И кинула деталь в угол.
— Ты чего кидаешься? — спросил я. — Я тебя саму сейчас выкину в окно.
Полез за деталькой под стол, а эту дуру выгнал.
Сейчас бы не выгнал. Но лицо ее почему-то не вспоминалось уже, только рот. С одним ртом скучно.
Попробовал Алю, но у нее выражение лица было всё время такое, как в последний раз, когда ее видел. Это выражение Али не нравилось, и она растаяла.
Помаячили первые, подростковые. У одной, помню, был волос на соске, и она его никак не стригла, я так удивлялся. Вторые, предармейские, одно время везло на длинношеих.

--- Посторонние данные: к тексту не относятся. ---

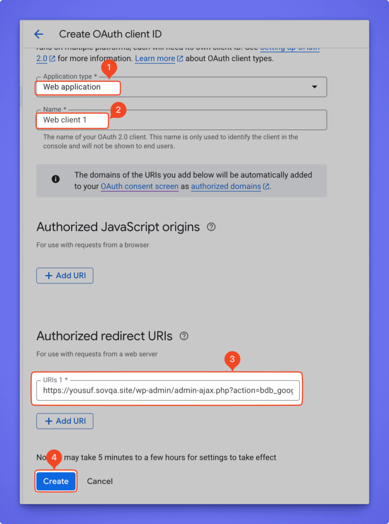 - Create an OAuth client ID:

Безымянные, впопыхах, послеармейские тоже пришлись не ко двору.
И тут вдруг вспомнилась одна вообще из киноленты.
Это была первая фильма такого толка, я ее лет в четырнадцать увидел.
Был шок.
Она ведь до сих пор где-то существует, часто задумывался я. Мулатка, короткостриженая, с голубыми глазами, голубейшими. Или у меня что-то с экраном не ладилось. Мне всерьез хотелось найти ее, жить с ней. А что, ей лет сейчас, быть может, тридцать семь. Тогда было, наверное, двадцать. А сейчас тридцать семь, точно. Как Пушкину. Чем она занимается теперь? Больше я ее в фильмах не встречал. Только в одном видел, и смотрел его сто или даже больше раз. Тысячу.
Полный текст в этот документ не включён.